“Changes everything,” said Berg.
“Definitely changes our escape and evasion plan. I think we’ll head to BWI and abandon these in long-term parking. Pick up some rentals in the terminal. I’ll have Gupta make the arrangements through a business account,” said Rich. “We have to assume all four of the vehicles involved with the town house have been made. This one and the three sedans.”
“Scrap the airport rental car idea,” said Devin. “They’ll have people watching the rental agencies inside and outside of the terminal. That’s what I would do. We need to find a twenty-four-hour parking garage just north of DC, near a Metro station. A number of the parking garages offer monthly parking, payable on the spot. Silver Spring has a few. Ride the Metro for a little while, then grab a taxi back to the general vicinity of my mother’s apartment. Cash only. Nobody will find the vehicles.”
“Devin’s right. We can rendezvous with the Suburban along the way and transfer all of our weapons and gear,” said Rich.
“We need to be careful with the Suburban,” said Berg. “They must have had someone watching the front of the town house and possibly the back. The timing of this attack suggests they knew when to start looking for vehicles leaving the area.”
“I’ll tell Graves and Gupta to be careful and take their time. It’s going to be a long night,” said Rich.
“There’s no way they could have known the town house address before we set up our surveillance,” hissed Scott. “We should have detected them.”
“Not if they started off assuming the whole thing was a setup,” said Devin. “They would have kept their distance and used text messages to communicate. They probably had four teams out there like the one that hit us. Each team spread out to cover the most likely routes away from the town house in each direction.”
“Who the hell are we dealing with?” asked Marnie. “That’s a lot of personnel to throw at a problem on US soil. Russians or not.”
“I have a sneaking suspicion we’re dealing with two groups tonight. Pulled by the same strings,” said Berg.
“When we run the photos taken of the group that boxed you in by the intersection, my money is on matching a few of the faces to Russian embassy or consulate employees from DC and New York City. The rest are probably nonofficial cover types. Tourists flown in for this job or Russian nationals that work or study in the US. That’s the new thing. No need to build up an alias to run missions in the US. All you need is a nonimmigrant visa, which isn’t hard to come by.”
“This felt like more of an assassination team,” said Devin. “And not a subtle one.”

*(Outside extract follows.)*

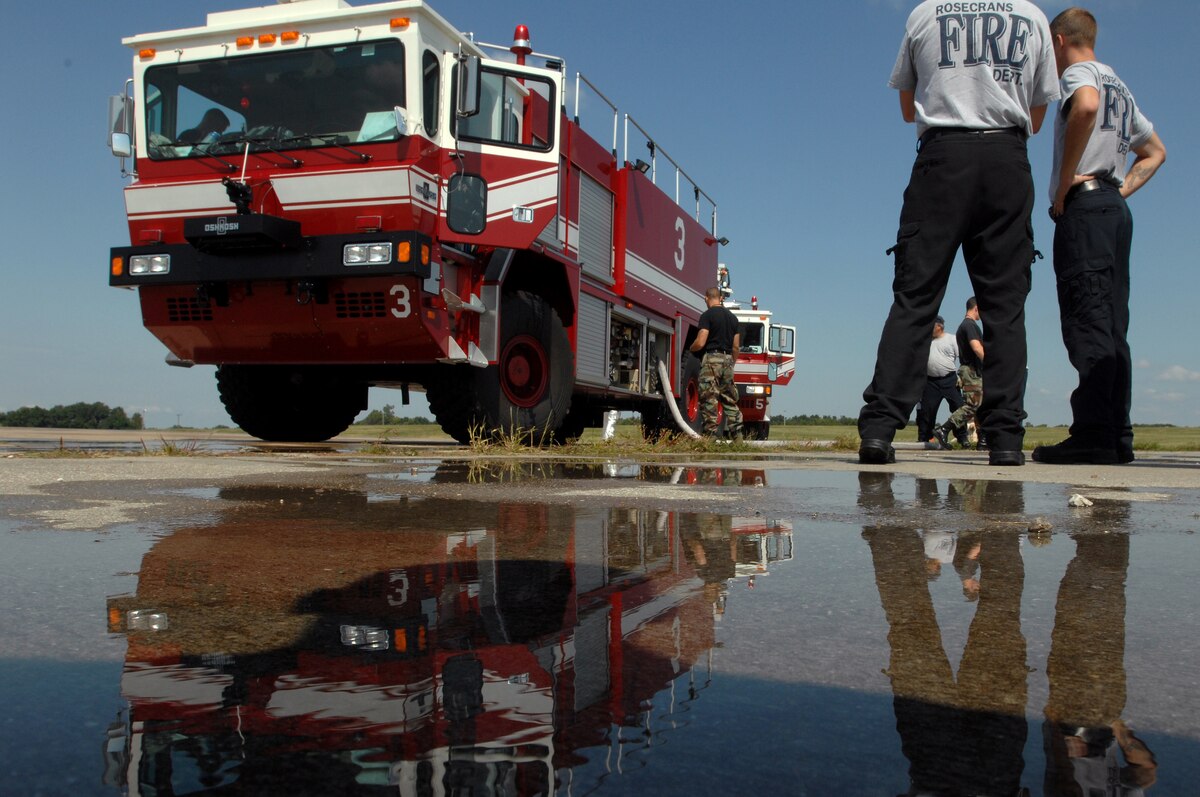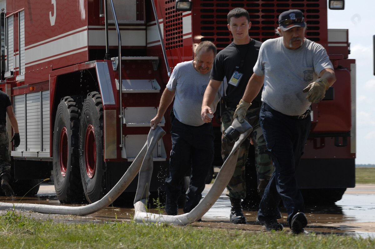 WHITEMAN AIR FORCE BASE, Mo. - Senior Airman Bryan Daspit, 509th Civil Engineer Squadron firefighter, gives the thumbs up to begin training after getting the aircraft training structure lit, Sept. 2. Enlisted and civilian firefighters battled hot flames for several hours during training in an effort to keep their qualification and skill up-to-date. The exercise is conducted once a year, and firefighters are put into several different scenarios where they are forced to react quickly and accurately. (U.S. Air Force photo/Senior Airman Kenny Holston)

“Not a good one, either,” said Rich. “Neither of you should have made it out of the car. You certainly shouldn’t have been able to take out the entire team that pulled up behind you.”
“We managed just fine,” said Marnie. “For a while, at least.”
“My friend has a point,” said Berg. “They threw a junior varsity team at you. Probably all they could put together at the moment. They thought it would be enough, but you surprised them. Unlike Rich, I give credit where credit is due.”
“Some consolation,” said Marnie.
“So if they saw the two of us walk into the town house together, why didn’t they try to take us both out?” said Devin. “What good am I dead, when someone else obviously knows about their secret plot?”
“They just wanted your phone,” said Rich. “They could have hacked your location data and figured out where your mother’s apartment is located. That’s why one of them grabbed it in the middle of a gun battle.”
“Makes sense,” said Devin. “Then what about the other team?”
“I’ve been trying to put my finger on this,” said Berg. “The team that has been following you—”
“And me,” said Marnie.
“And you,” said Berg, pausing as though he might say he was sorry. “That team looked and acted old school. I mean, all in their mid-to late fifties? They’ve been around for a while, probably doing low-level stuff to stay off the radar. SVR or GRU illegals planted right after the Soviet Union collapsed, probably in the early nineties—when our guard was down.”
“Still is down,” said Rich.
“Good point,” said Berg.
“This is kind of odd,” said Devin, remembering the crew he put in the hospital a couple of weeks ago. “I think I’ve run into this crew before.”